Учтем, однако, что ни принципиальный отказ от дипломатичных реверансов в адрес Солженицына, “Архипелага ГУЛАГ” и диссидентов, ни непривычная для нынешнего читателя мысль о том, что Шаламов не стоял на антисоветских позициях, не являются для автора рассматриваемой книги дерзкой самоцелью. Подобные полемические моменты — лишь путь выявления глубинной причастности Шаламова к интереснейшей альтернативе общественного развития страны, намечавшейся в 60-е годы. Судя по всему, писатель искренне видел возможности гуманизации тогдашнего политического строя эволюционным путем, без всякой радикальной ломки. Органически не принимая нравов рыночно-меркантильного толка, Шаламов полагал, что социалистическая система может быть совместима с человеческими правами и свободами в их полном объеме. Уместно приводимые Есиповым слова писателя о том, что нам нужны не ледоколы, а свободная вода (то есть не манихейское обличительство, но словесность по-настоящему раскрепощенная, независимая от любых догм), отчетливо перекликаются со знаменитым тезисом Андрея Синявского о его не политических, а стилистических разногласиях с властью (Солженицын в своем очерке о Шаламове неслучайно укоризненно предъявляет такие переклички как компромат на писателя). Думается, что не только Шаламов и Синявский, но и Юрий Трифонов, сохранявший свою благородную авторскую бескомпромиссность в подцензурном пространстве, и Юрий Домбровский, волею судеб отчасти вытесненный в андеграундное поле, и Владимир Высоцкий, не деливший свою всенародную(!) аудиторию на “советские” и “антисоветские” когорты, и многие другие видные деятели культуры вполне готовы были к пути таких трансформаций.

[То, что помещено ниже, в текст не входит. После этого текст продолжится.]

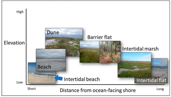 | Barrier flat | Barrier flat includes flat or gently sloping supratidal/upland areas that are located on the backslope of dunes, unvegetated washover fans, and areas along estuarine shorelines. Barrier flat habitat can be unvegetated or vegetated (i.e., meadow). | [9,35] |

Почему же не получилось? Понятное дело, что виновата маразмировавшая власть, упорно предпочитавшая накатанную колею запретительства и репрессий. Вместе с тем свою долю ответственности за такую ситуацию несет и “прогрессивное человечество” (как саркастически называл Варлам Тихонович некоторые тусовки диссидентской направленности), взвинченно отвергавшее любые пути мирного диалога, зачастую вовлекая в свою борьбу тех представителей творческой интеллигенции, кто, подобно Шаламову, совершенно того не желал. В книге Есипова едва ли не впервые со всей откровенностью говорится о том, что породившее немало кривотолков письмо Шаламова в “Литературную газету” с отмежеванием от публикаций в “Посеве” и “Новом журнале” было не проявлением слабости, но принципиальным, пусть и внешне угловатым, жестом отстаивания своей неангажированности.
Писателю — подобно герою своего рассказа “Одиночный замер”, обреченному без поддержки бригады вырабатывать зверскую лагерную норму и расстрелянному за невозможность ее выполнить — в одиночку пришлось нести невыносимое бремя эпохи, ему выпавшей и его не пощадившей. Осознание этой проблемы в книге Валерия Есипова позволяет посмотреть на фигуру Варлама Шаламова во многом иначе, чем раньше.